Some people start – and this happened to my sister – to become obsessed with taking scenic pictures. My sister doesn’t own her own camera, so now whenever we’re together and there’s a pretty sunset, or the beach is nice, or wow, look at that dog playing in the field, she hits me and says, “scenic pic.” Oh, I didn’t realize I’m expected to drop everything, find my camera and take a 500th picture of the sunset.
Then there’s the people who become crazed with taking pictures of people…in other words, people-watching with pictures. I totally understand getting into the habit of taking pictures of passersby in other countries since their fashion and lifestyles are different than our own, but back in America, it’s not cute to take a picture of a homeless guy sifting through the garbage. It’s just creepy! Or the pretty couple holding hands…you can’t take their picture in America because someone you know may know them, and well, that would just end awkwardly.
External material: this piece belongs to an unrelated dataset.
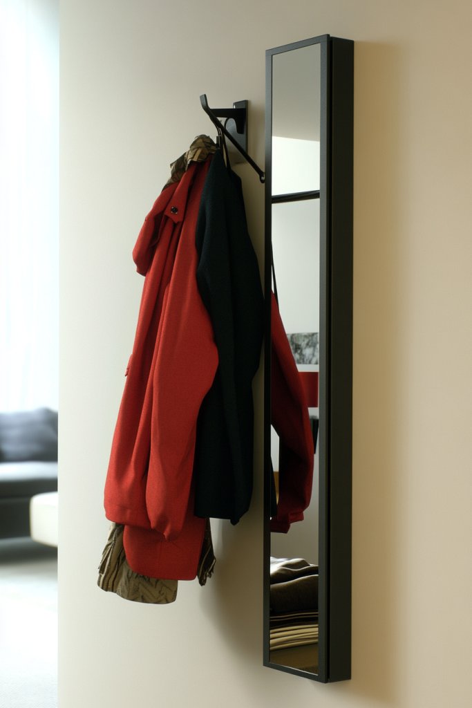 Visualize a tall, slender metal or wood coat rack with hooks at different heights, positioned beside a full-length mirror. The mirror’s reflective surface brightens the space, making it appear larger, while the coat rack keeps everyday items within easy reach. The combination creates a streamlined, modern look that’s both practical and attractive.
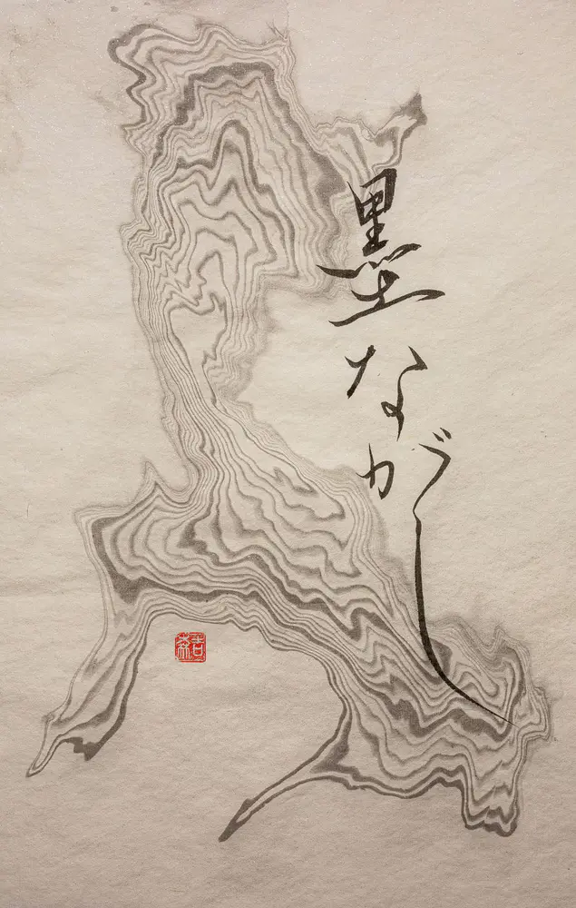 L’acqua, che nella cultura shintoista rappresenta la purificazione, è l’elemento che permette alle fibre di legarsi fra loro a formare il foglio di carta, ma consente anche il trasporto delle tracce dell’inchiostro nel suminagashi. La via degli dei si esprime quindi pienamente nella via dell’acqua e dell’inchiostro, ancor prima di esprimersi nel modo più strutturato e rigoroso che sarà proprio del buddhismo zen. Al modo di vivere shintoista, dove il rapporto con i kami è simile a quello tra gli uomini in un continuo dialogo legato alle stagioni, alla coltivazione del riso, alle necessità del quotidiano, ma soprattutto alla vita reale in tutte le sue forme espressive, si contrappone la concezione buddhista.

You could also turn into an abstract photographer. You know, be that awkward tourist who pretends to hold up the Leaning Tower of Pisa in a picture, and then when you get behind the lens, you take pictures of shadows and corners of landmarks thinking you’re the person outside of Central Park in Manhattan who sells random photographs for the great price of 3 for $15. News flash: you aren’t. But that’s okay. If abstract photography is your thing, go for it.
Sometimes, people feel uncomfortable taking pictures when they’re out, or sober, or whenever, but after a few months of being trigger happy and filling up three memory cards, that could change. When they come back to America, they’re the newest members of the University of _____ Paparazzi club. Resume update?
It’s a nice hobby to have, especially at this time in our lives when we’re surrounded by fun things to do and remember. But you have to remember there’s a fine line between being a good photographer who happens to not be submitting their pictures to a publication…and being a creeper. So be careful, you new-found picture lover.